* _Data extract_:
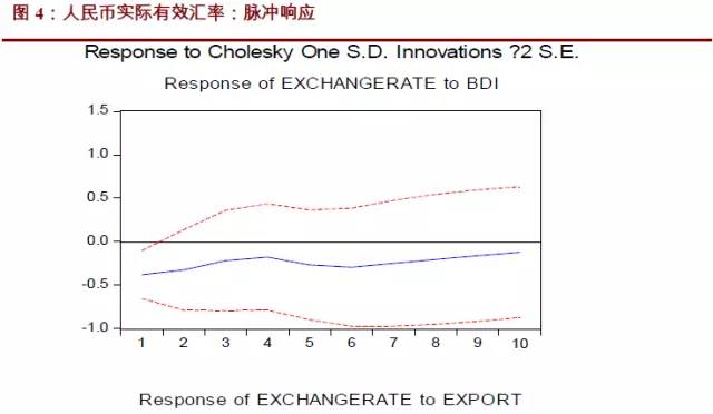 我們采用脈沖響應(yīng)模型來研究BDI指數(shù)、進出口對人民幣實際有效匯率的動態(tài)影響。所謂脈沖響應(yīng),即研究BDI指數(shù)、進口、出口當期變動一單位,會引發(fā)人民幣實際有效匯率在未來若干期的何種變化。
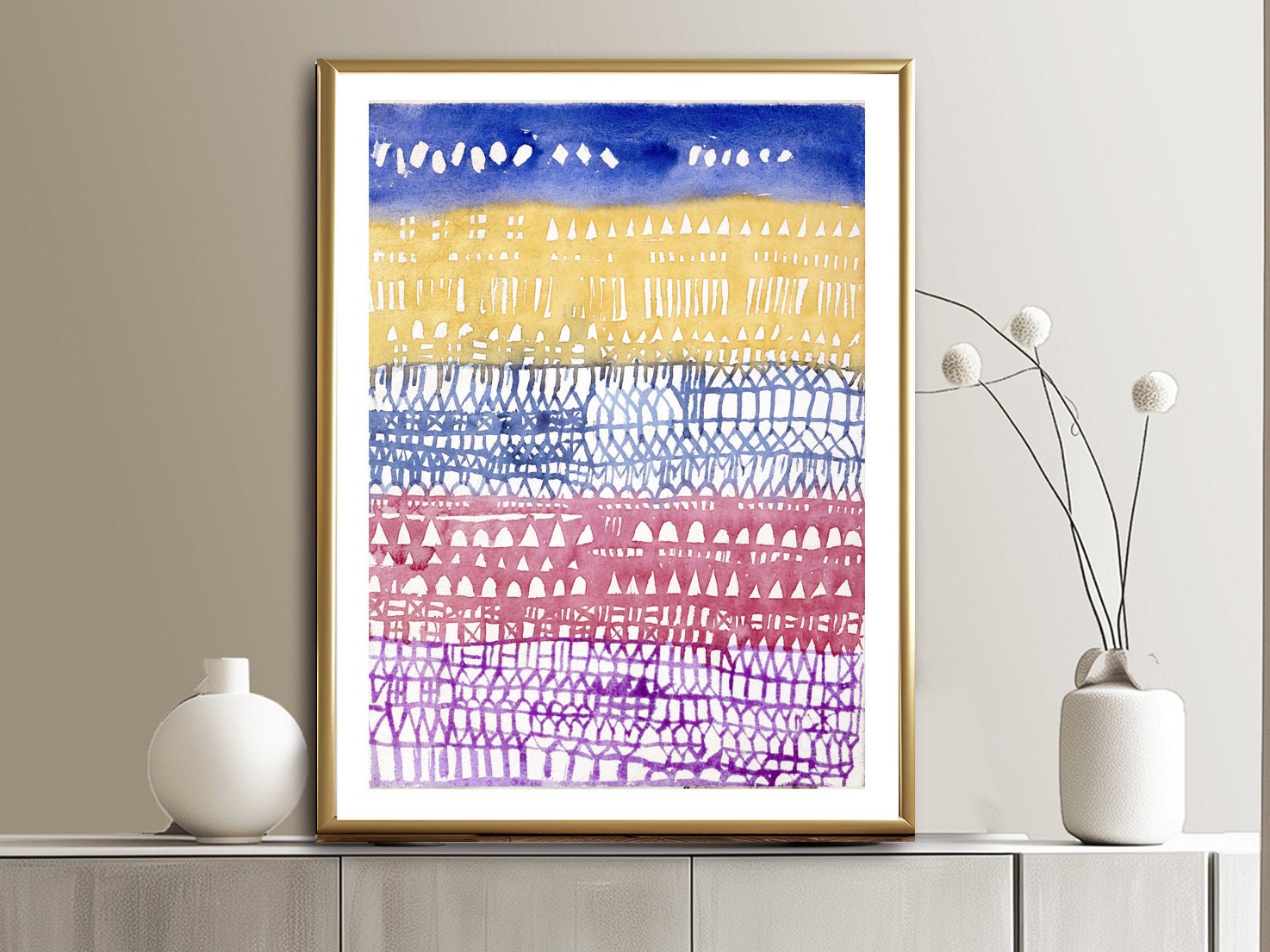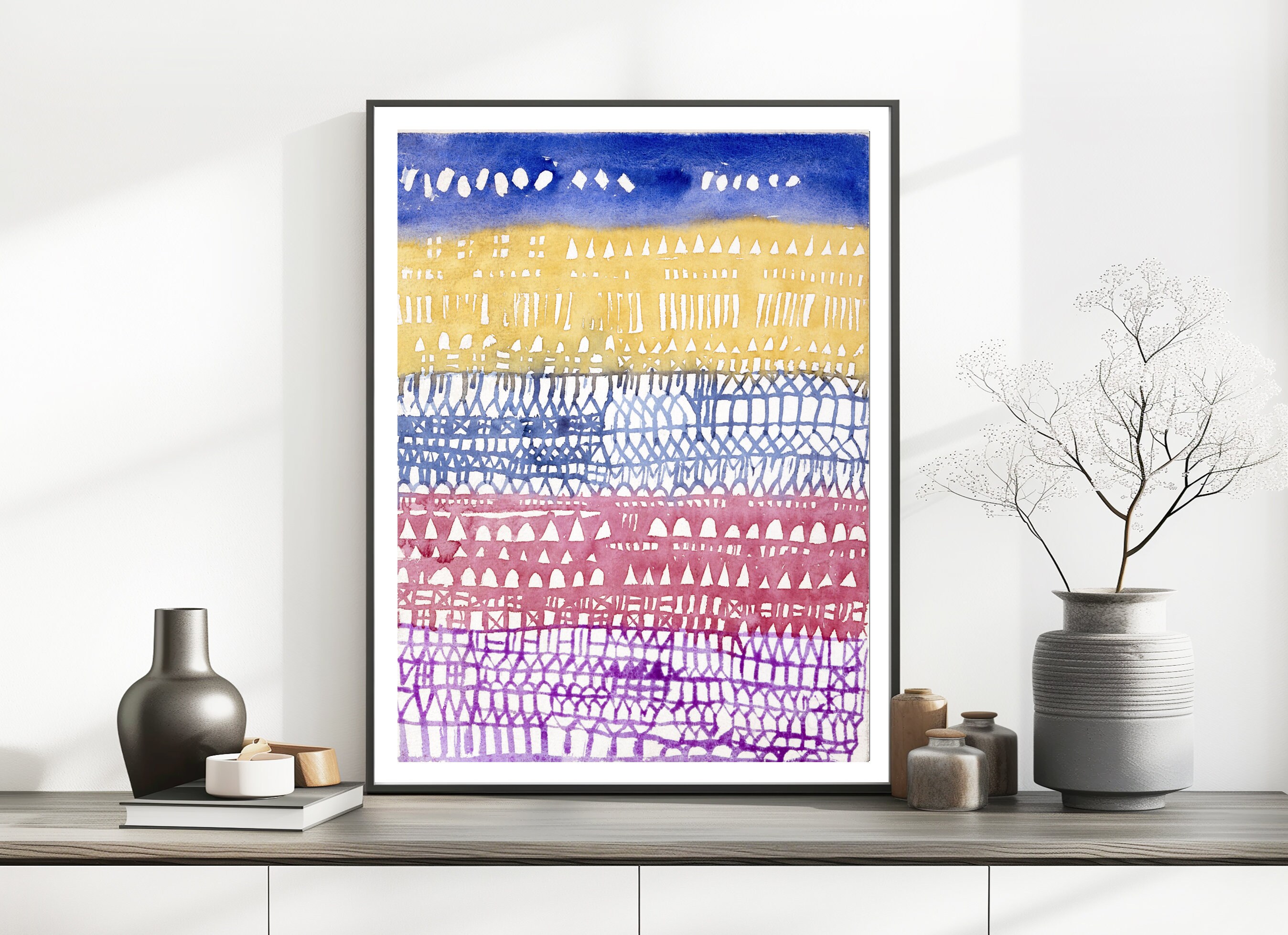 Printed on high quality paper, cotton canvas or adhesive sticker paper. A high quality reproduction of painting by Paul Klee. Professional packaging for safe shipping. Natural white border will be added to the image for mounting and framing.
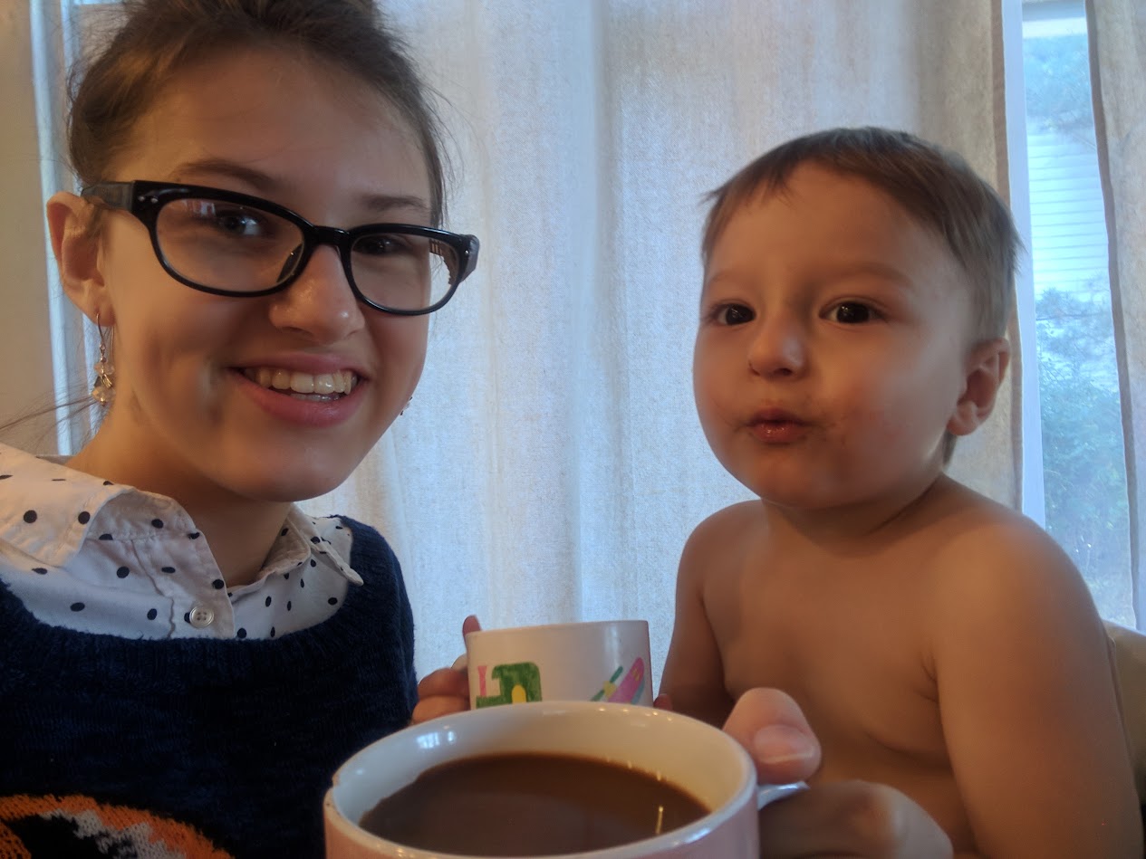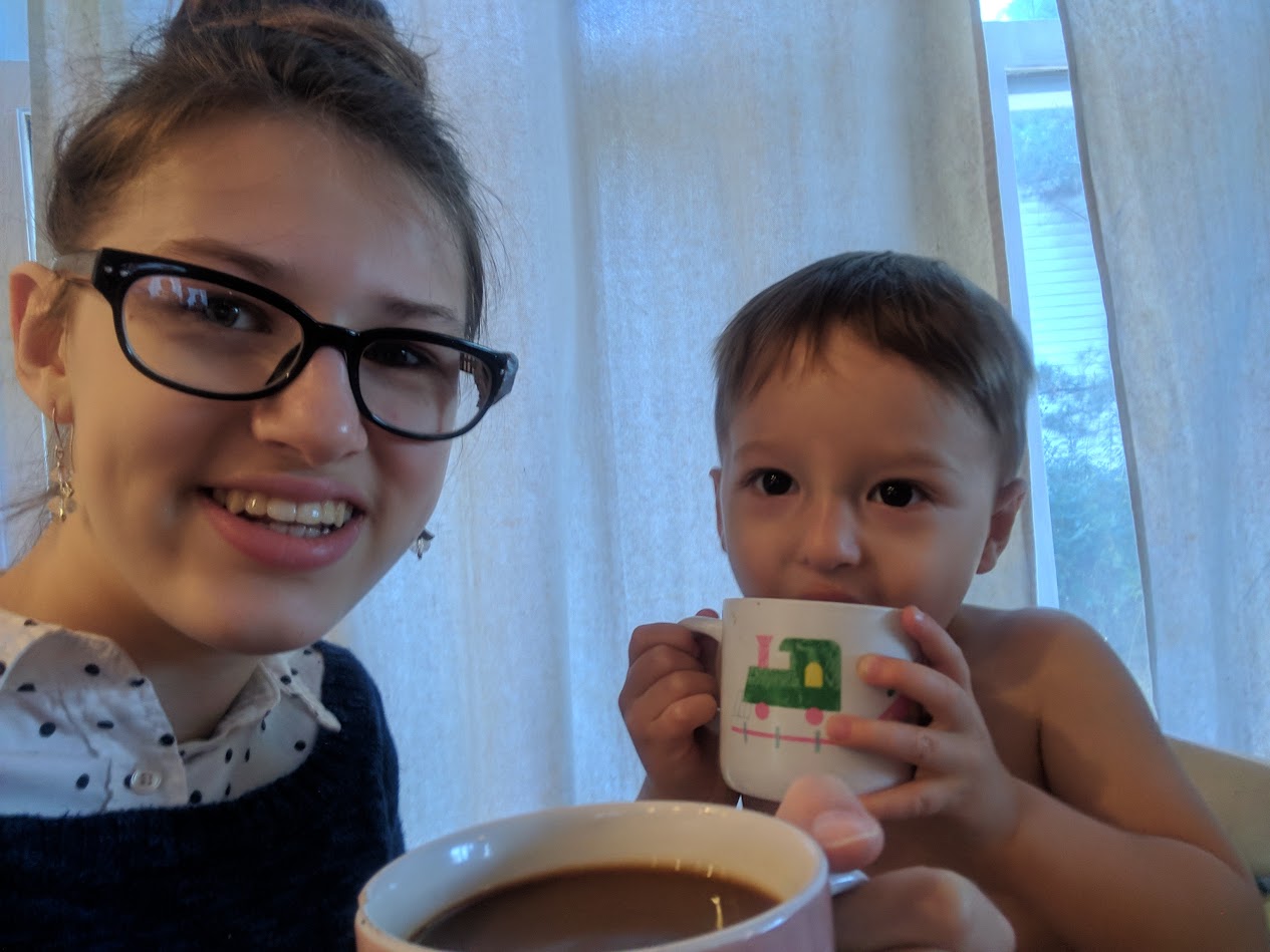 Rush has been enjoying coffee, as usual. 😉 When we tell people that he likes coffee - black - they usually say, "Well, who gave him coffee in the first place?" The answer is... me. I think I'm a wonderful big sister, exposing my little brother to some of the most wonderful things in life as soon as possible. 😉

* _Exercise_: Repeat the whole of the material above exactly, but keep the pictures out.

* _Response to the task_:
 我們采用脈沖響應(yīng)模型來研究BDI指數(shù)、進出口對人民幣實際有效匯率的動態(tài)影響。所謂脈沖響應(yīng),即研究BDI指數(shù)、進口、出口當期變動一單位,會引發(fā)人民幣實際有效匯率在未來若干期的何種變化。
 Printed on high quality paper, cotton canvas or adhesive sticker paper. A high quality reproduction of painting by Paul Klee. Professional packaging for safe shipping. Natural white border will be added to the image for mounting and framing.
 Rush has been enjoying coffee, as usual. 😉 When we tell people that he likes coffee - black - they usually say, "Well, who gave him coffee in the first place?" The answer is... me. I think I'm a wonderful big sister, exposing my little brother to some of the most wonderful things in life as soon as possible. 😉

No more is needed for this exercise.